For the minimum cycle basis problem, we give a deterministic $O(n^ω + 2^{2g} n^2 + m)$-time algorithm for graphs cellularly embedded on an orientable surface of genus $g$. Prior to this work, the best known algorithms for surface-embedded graphs were those for general graphs: an $O(m^ω)$-time Monte Carlo algorithm and a deterministic $O(nm^2/\log n + n^2m)$-time algorithm.

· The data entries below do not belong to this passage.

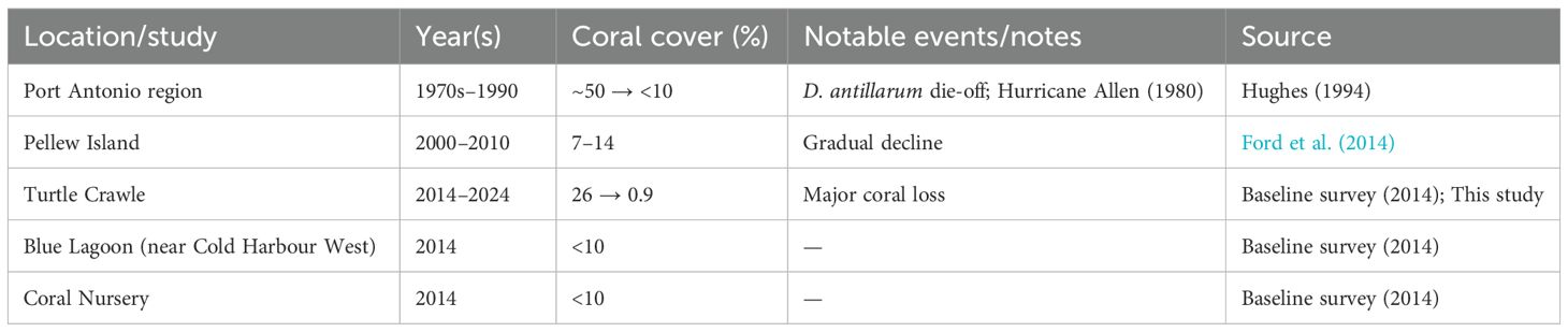 Table 3. Historical coral cover records from sites in and near the East Portland Special Fishery Conservation Area (EPSFCA), Jamaica. Values summarize previously published surveys and the present study, illustrating long-term regional coral decline and major disturbance events since the 1970s.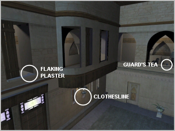 | During the cut scene you see the guard with a dog in the corridor around the corner. Take note that the guard is drinking tea. Did you see a clothesline hanging down outside the window in the alcove? There's also flaking plaster on the window sill where you entered. For a detailed view of the entire area walk into the alcove. | ||||||||||||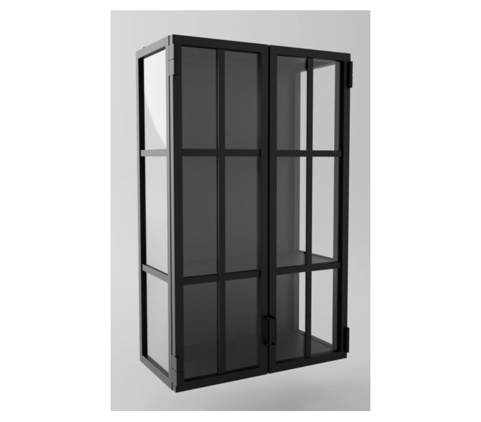 Væghængt vitrineskab udført i et industrielt design i sortlakeret stål og med lamineret sikkerhedsglas. Vitrineskabet måler 100 x 60 cm i højde og bredde.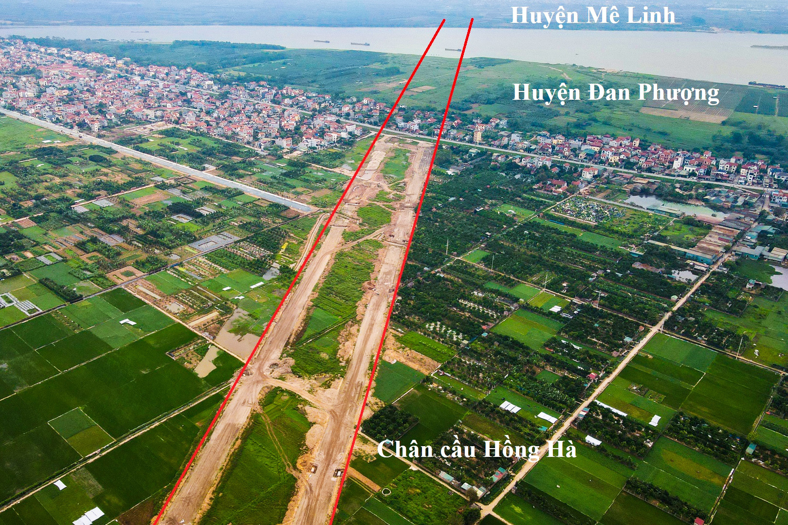 Cầu Hồng Hà bắc qua sông Hồng kết nối địa phận 2 xã Ô Diên - Mê Linh. Ảnh: Đức HoàngSau khi hoàn thành, cầu Hồng Hà sẽ kết nối trực tiếp với đường Vành đai 4 - Vùng Thủ đô Hà Nội. Ảnh: Đức Hoàng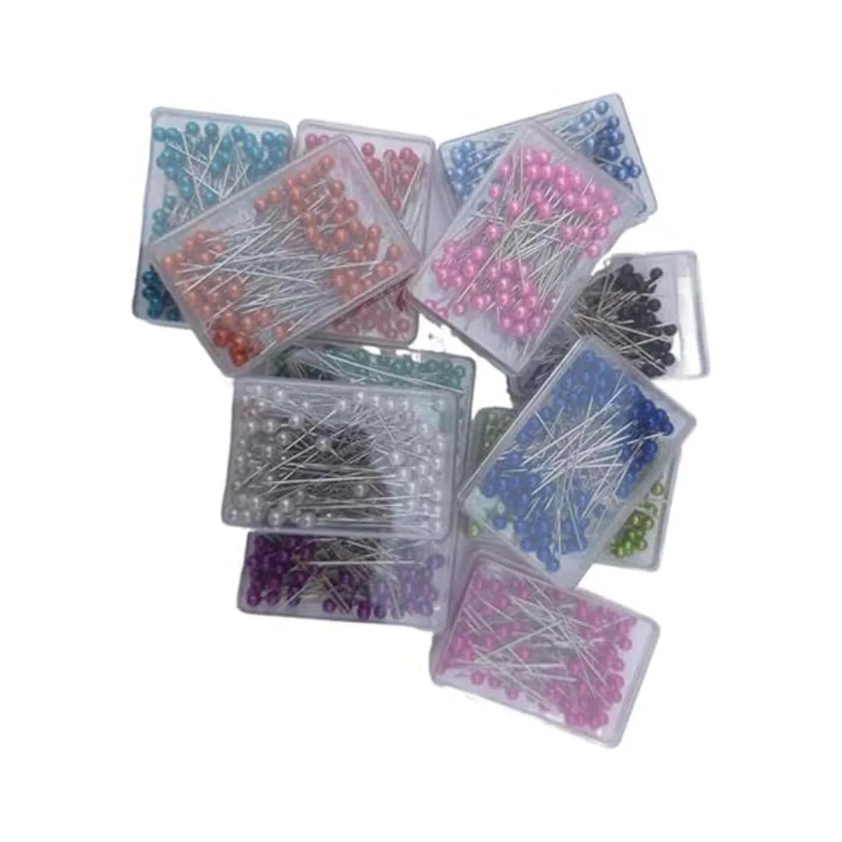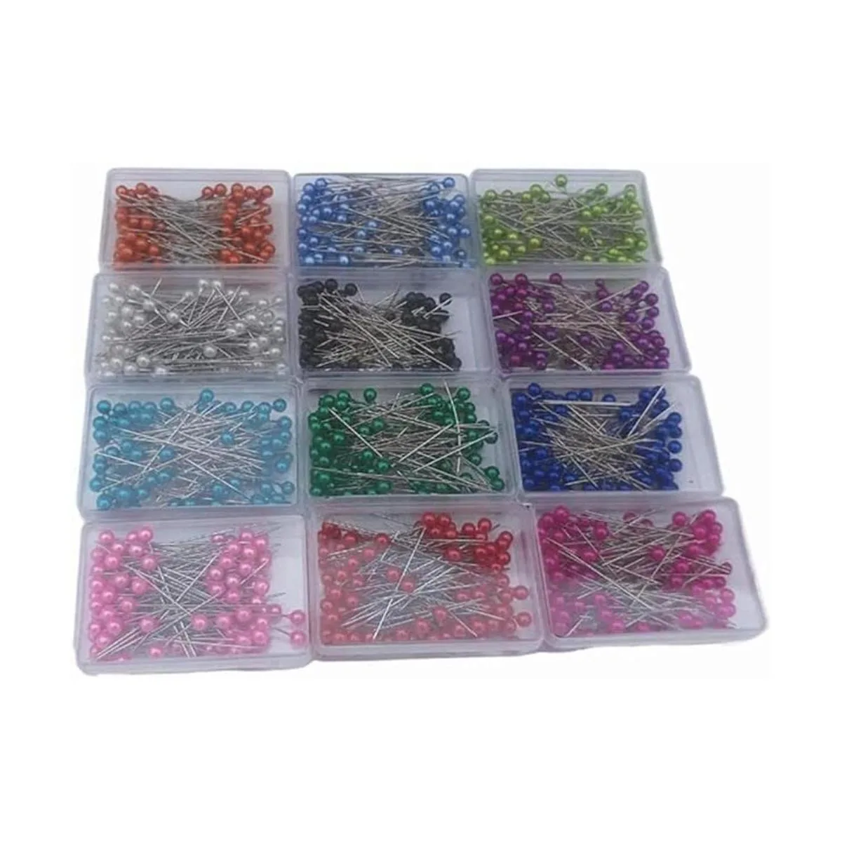 1200 pines de costura multicolor con cabeza de perla de bola de colores, pasador de acolchado recto de 1.5 pulgadas para decoración de vestuario y joyería con fundas transparentes 12 colores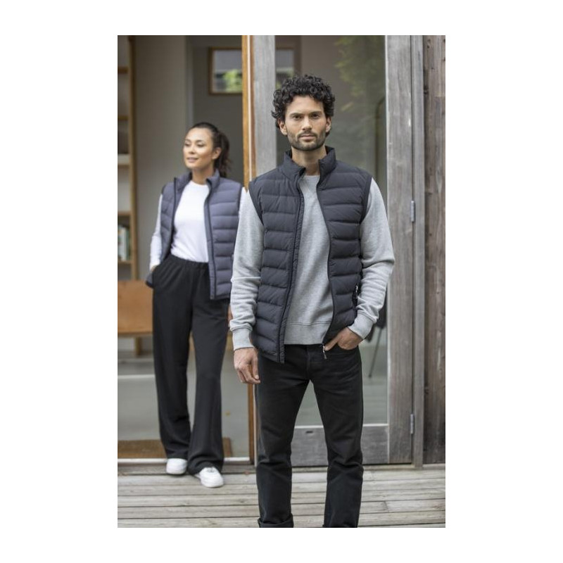 Kamizelka została wykonana z wysokiej jakości dwuwarstwowej tkaniny pongee (750T) o gramaturze 164 g/m², która jest matowa i odporna na wiatr. Termiczne pikowanie zwiększa izolację cieplną i nadaje jej nowoczesny, sportowy wygląd. Wypełnienie z puchu i piór pochodzących z recyklingu, z certyfikatem Responsible Down Standard (RDS), gwarantuje ciepło oraz produkcję zgodną z zasadami etycznymi.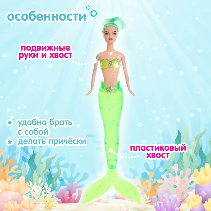 Кукла «Русалочка» хвост светится, МИКС — Характеристики

For the minimum homology basis problem, we give a deterministic $O((g + b)^3n\log n + m)$-time algorithm for graphs cellularly embedded on an orientable or non-orientable surface of genus $g$ with $b$ boundary components, improving on existing algorithms for many values of $g$ and $n$. The algorithm assumes that shortest paths are unique; this assumption can be avoided by either using random perturbations of the edge weights guaranteeing a high probability of success or by deterministic means at a cost of an $O(\log n)$ factor increase in running time.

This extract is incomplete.